We arrived at 8am on Saturday and had the tent pitched right on the edge of the machair by the sunny sandy beach. We put our cool bags in the shade at the front of the tent, and got down to the serious business of marching up and down the length of the beach thigh-deep in the water. Fish were almost surveyed, dead crabs were poked. Shells got gathered, and stones were almost nearly skimmed. Fun was had.
Brunch was apples and ice cream, lunch was sausages on the bucket barbecue, dinner much the same, followed by toasted marshmallows and baked chocolate bananas. When camping, it’s vital to keep the intake of vegetables to the absolute minimum. Vital.
Our neighbours were a chilled-out couple from Largs on a rare two-night break from looking after their autistic teenager. They were very relaxed, staying out late into the night to watch the stars and the lighthouse by campfire.
They had invited us to join them, but the boy was asleep as soon as his head hit the space on the groundsheet where a pillow should be.
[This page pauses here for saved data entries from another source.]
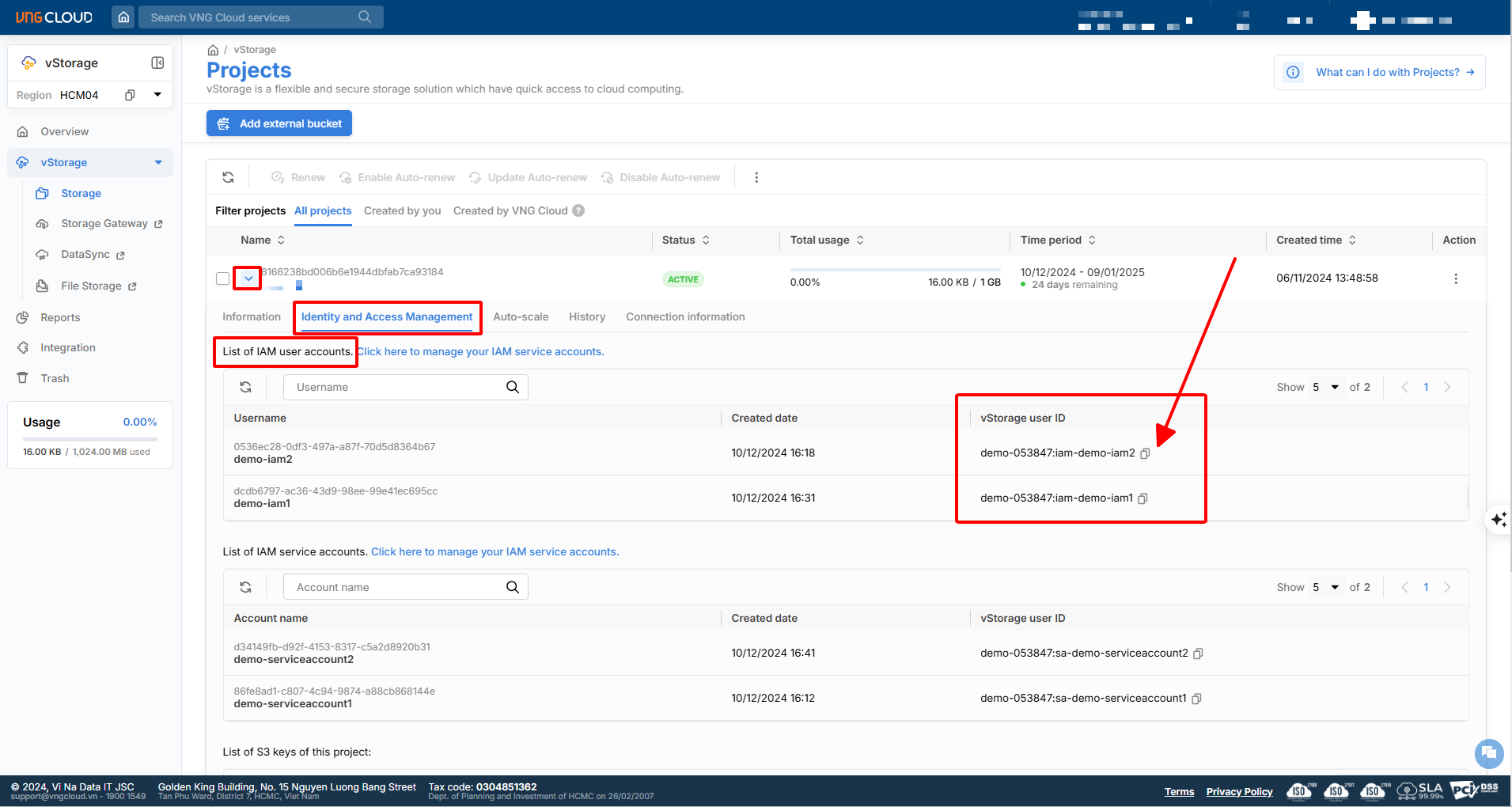 3. Tại mục **Identity and Access Management**, thực hiện sao chép thông tin **vStorage User ID** tại mục **List of IAM User Account**.
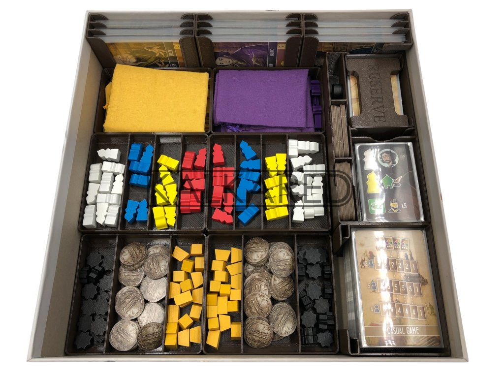 - Desku pro sólo hru lze skladovat buď na dně krabice, nebo na krabičkách hráčů podle toho, jestli preferujete sólo hraní, či ne
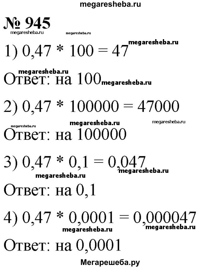 945. На какое число надо умножить число 0,47, чтобы получить: 1) 47; 2) 47 000; 3) 0,047; 4) 0,000047?
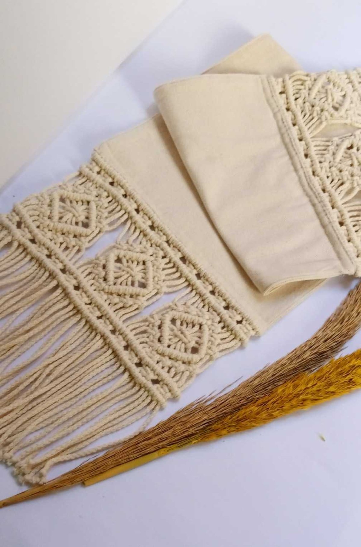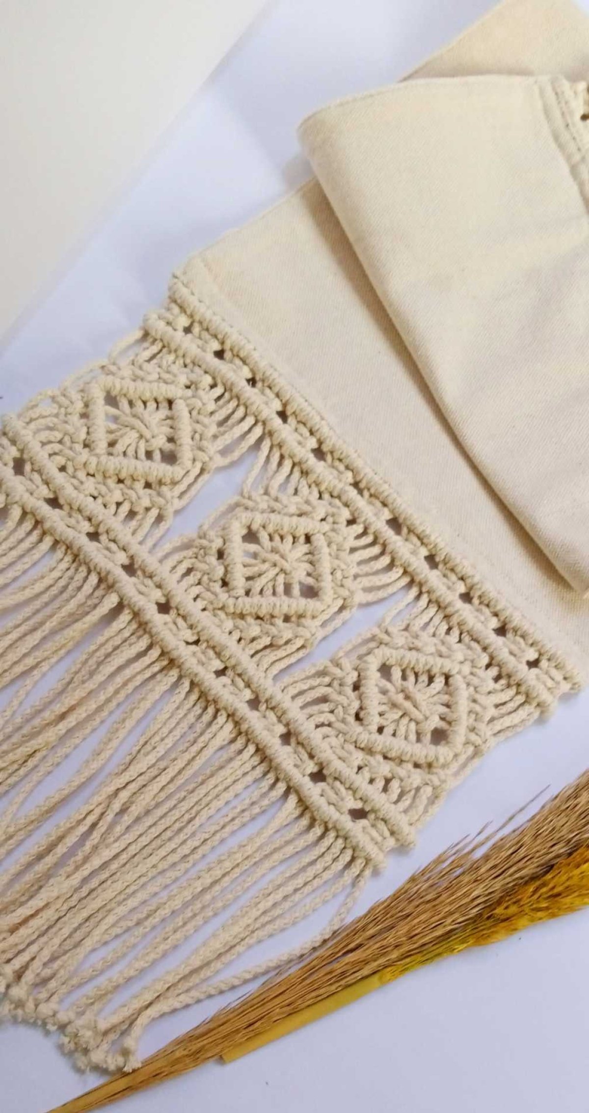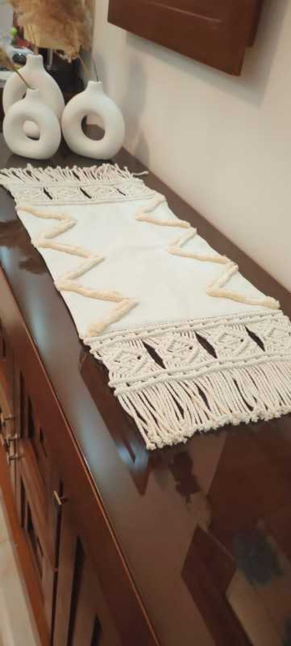 رانر لطاولة صغيره مصنوع من قماش قطني طبقتين (دك) مزين بخيوط قطن علي شكل زجزاج والأطراف بعقد المكرمية عرض ٤٠ سم تقريبا في طول ١٢٠ سم تقريباً
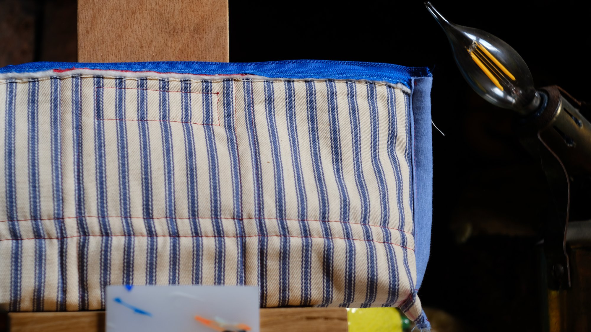 One of a kind quilted pencil case, lined with vintage ticking stripe upholstery fabric & nylon zipper. Inspired by medieval chequy
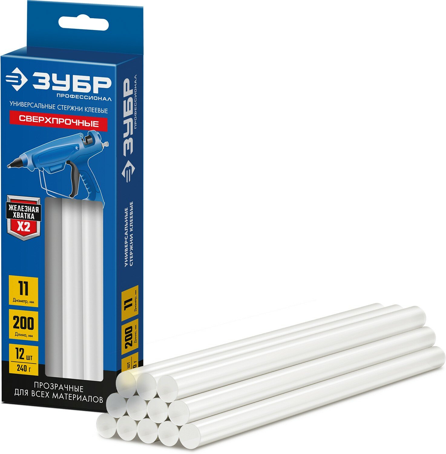 ЗУБР 11х200 мм, 12 шт, Сверхпрочные клеевые стержни прозрачные, Профессионал (06856-12)
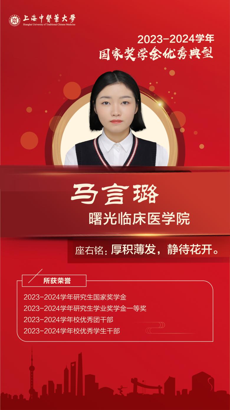 入学以来,参与了多个具有重要意义的课题研究,目前已发表两篇高质量学术文章。一篇发表在《北京中医药大学学报》,于2024年1月顺利见刊;另一篇在国际权威期刊Phytomedicine上发表。积极参加上海市研究生学术论坛,荣获优秀论文二等奖,踊跃参与经典诵读大赛,获得三等奖。荣获国家奖学金1次、研究生学业奖学金二等奖1次。每学期积极参加南京路上好八连志愿服务活动。作为研究生第七党支部组织委员,积极组织并认真开展上级党组织分配的各项任务。
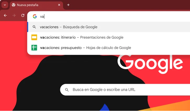Ingresa con tu Cuenta de Google para acceder a Google Drive. Con Chrome, puedes acceder rápidamente a tus archivos desde la barra de búsqueda y trabajar en ellos sin conexión.
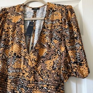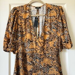New with tags AFRM mini dress puff sleeve with elastic closure, gold,brown and white color, is perfect for a wedding guest or a night out. Featuring a flattering fit and flare silhouette,deep neckline. The ruffled tiered design adds a touch of elegance, making it a standout piece for any cocktail occasion. Excellent condition new with tags.
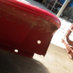 そして作業開始!先ずは、Rrエプロンの右Rrフェンダー側の縁にもダメージが有り、あちこちにクラックが入っていたので剥離をして鈑金補修をしました。
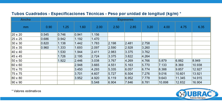 Los tubos cuadrados para uso estructural son utilizados en la construcción en general y en la herrería de obra, para la realización de estructuras metálicas livianas y pesadas, así como para cartelería y señalización de carreteras. Se los utiliza también en la industria del mueble y camping, y en algunas maquinarias agrícolas.
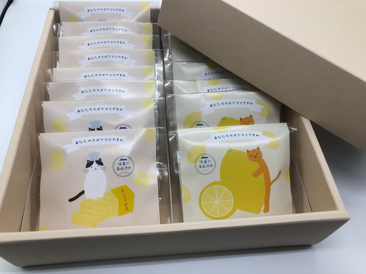 かわいい猫が描かれたパッケージが特徴の「ねことバタークッキー」と「ねことレモンクッキー」の16枚入りセットです。
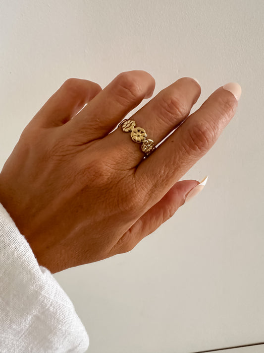 Anillo fino ajustable diseño flores en acero baño oro 18K Flores
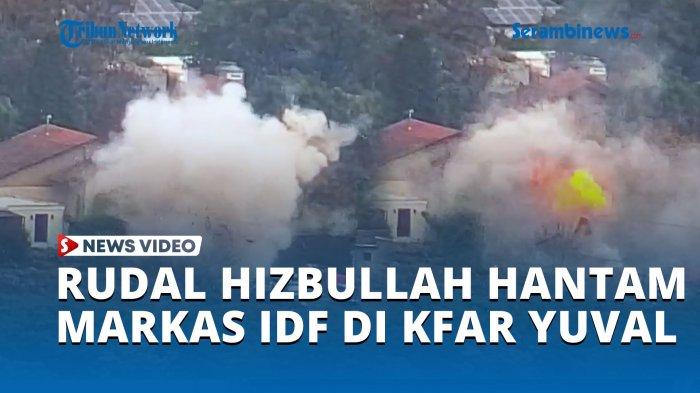 Dalam video terlihat detik-detik sebuah rudal menghantam sebuah bangunan yang menjadi markas Israel di Kfar Yuval.

I heard the neighbours suppressing giggles as my boy let out huge sleepy farts.
The next day was wet and windy. And we quickly went through our spare socks and pants. Still, we went treasure hunting at 8am, had rolls and sausages at 10am, and got a peek at some seals, and even some porpoises out in the sea.
With our wet socks drying on the dashboard, I drove barefoot to Brodick castle, where bogles and vikings were waiting for us. We parked, put our dry socks on, stepped into our wet shoes, and went for a walk in the castle grounds.
The entry price is steep if you’re not a member of the National Trust, but the gatekeeper is a kind little granny, and a very well-behaved child might just find that entry to Brodick castle and grounds is free!
On the way to the Rangers quarters, we passed a quite matter-of-fact viking, in full gear (including sword). The boy just grinned. We exchanged words on weather and camping on the island (the vikings, like ourselves, were under canvas for the weekend). My boy was quite impressed, as it seemed I had managed to tame this fierce-looking fellow.
We played awhile before gaining entry to the castle. Each room is beautiful, and contains a National Trust person who will help you to enthuse children, who might otherwise dash though each room without spotting the treasures to be found.
A quick lunch was followed by a pipe band, and a viking combat display. A pretty decent afternoon.
Back at the tent, we read stories and doodled till bedtime.
In the morning, our coolbags were covered in muddy foxy footprints! Our neighbours had been visited by something wild and furry which had purveyed their last two uncooked sausages. A fox had come by for breakfast.
The boy’s bucket and spade had also disappeared in the night. We found the bucket on the beach. But I guess the fox decided to keep the spade for a future dig. He’s fantastic, afterall!
We packed for home, wrung out our wet socks, and caught the 11am ferry home. We were very lucky to also catch sight of two basking sharks a few hundred yards from the boat. The tip of one is just viewable as a small black triangle in the photo.
So, castles, sandcastles, seashells, seagulls, slugs, sausages, marshmallows, foxes, seals, porpoises, basking sharks, campfires, vikings and more – all in two days.
A weekend can be a holiday. If you’re smart, you can wring out 52 of them every year.